Current evidence suggests that the assessment of dissociative symptoms could be useful in differentiating patients with BD from those with unipolar major depression during depressive episodes. It has been reported that patients with BD are more likely to report dissociative symptoms than those patients with unipolar depression (Chatterjee et al. 2018). Moreover, dissociative symptoms may precede the onset of the disorder and could be a risk factor for the development of BD (Hariri et al. 2015). Besides, dissociative symptoms are frequently associated with a worse prognosis and a greater number of mood fluctuations (Aas et al. 2016; Amare et al. 2020; Depp et al. 2016; Mula et al. 2009; Yayla et al. 2015). Moreover, available data suggest that the presence of dissociative symptoms is considered a marker of poor treatment response in BD (Dualibe and Osório 2017). Despite dissociative symptoms can have a potential impact on the psychopathological burden of patients with BD, only a few studies have assessed the relationship between dissociative and psychotic symptoms and treatment response to mood stabilizers.

The aims of the present study are twofold: 1) to assess the relationship between the presence of dissociative symptoms and the onset of psychotic symptoms in patients with BD; 2) to assess those clinical and socio-demographic characteristics more frequently associated with dissociative symptoms and to assess the potential role of dissociative symptoms on response to treatment with mood stabilizers.

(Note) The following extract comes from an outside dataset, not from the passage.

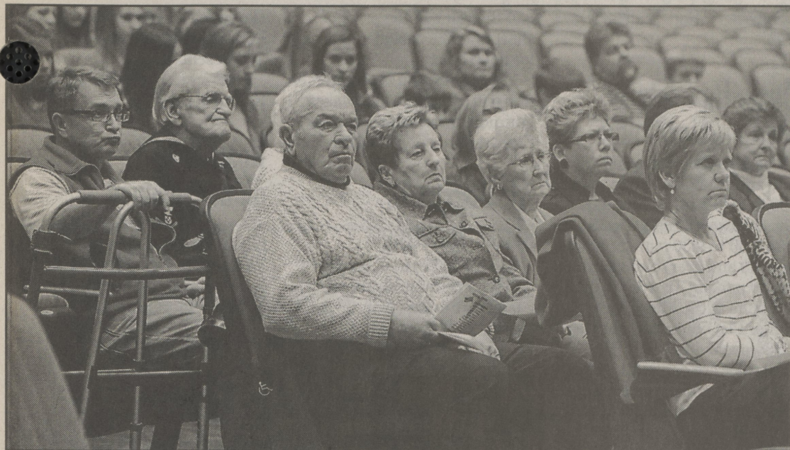
The audience watches the Fourth Annual Student Leadership in Civics Veterans' Day Commemoration at the Dallas High School auditorium.

Participants and procedures

This is a naturalistic observational study. Patients were consecutively recruited at the psychiatric outpatients unit of the University of Catanzaro, from May 2019 to January 2020. Patients were included in the study if they met the following criteria: (1) age between 18 and 65 years, (2) diagnosis of type-I or type-II bipolar disorder according to the Diagnostic and Statistical Manual of Mental Disorders-fifth edition (DSM-5) (First et al. 2016). No other inclusion criteria were selected to obtain a sample as similar as possible to patients routinely seen in the real world. The following exclusion criteria were applied: 3) diagnosis of dementia, intellectual disability, epilepsy, or another medical condition associated with psychiatric symptoms; 3) diﬃculty in understanding the questions asked; 4) alcohol and substance abuse or dependence.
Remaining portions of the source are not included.